Question ... do you have a cite for the H field disapating under the d cubed rule?

 

Note the phrase ... At 1 MHz, all our fields are below IEEE safety guidelines.

However, the MIT experiement was done at 10 MHz ... which has lower safety guidlines.

Question ... do you have a cite for the H field disapating under the d cubed rule?

At 10 MHz the fields are also below the safety standards you have posted as well. Check it out for yourself. At 10 MHz the MIT guys had values below than what your graphs depict to be safe.


As for your question: No I do not. But I found this by a simple google search:

My question for you: Where did you get those graphs from?

 

Table 9 is from IEEE standard C95.1, the calculation for Power Density is from the same book.

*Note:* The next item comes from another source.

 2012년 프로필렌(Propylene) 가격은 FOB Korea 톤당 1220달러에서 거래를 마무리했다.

The Graph is IEEE C95.1 graphically and is from the Nato Standard I posted earlier.

Now, according to your chart ... magnetic fields follow the inverse square law near the source, but follows the inverse cubed law further out. In any case, it becomes expotential weaker.

 

At 10 MHz the fields are also below the safety standards you have posted as well.

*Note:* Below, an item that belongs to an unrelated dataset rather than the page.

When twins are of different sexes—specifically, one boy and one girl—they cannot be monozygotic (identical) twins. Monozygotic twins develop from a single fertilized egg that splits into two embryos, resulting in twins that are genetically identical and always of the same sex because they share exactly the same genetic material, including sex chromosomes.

At 10 MHz, the standard for the E-field was 82.38 v/M. MIT measured 185. The H-field standard is 1.63 A/M. MIT measured 21.

We have a difference of opinion there ....

 

At 10 MHz, the standard for the E-field was 82.38 v/M. MIT measured 185. The H-field standard is 1.63 A/M. MIT measured 21.

We have a difference of opinion there ....

You are correct that the chart depicts MIT's demonstration @ 10 MHz as "not safe". However, the, your chart and graph are contradicting each other. The graph does not say that. The chart does. According to your graph, at 10 MHz, the approximate value I got for Magnetic Field Strength is ~147 A/m and the Electric Field Strength as ~552 V/m. These are way above what MIT got, meaning its totally safe. I'm confused as to which is the correct source for acceptable exposure levels.

 

You are correct that the chart depicts MIT's demonstration @ 10 MHz as "not safe". However, the, your chart and graph are contradicting each other. You are correct that the chart depicts MIT's demonstration @ 10 MHz as "not safe". However, the, your chart and graph are contradicting each other.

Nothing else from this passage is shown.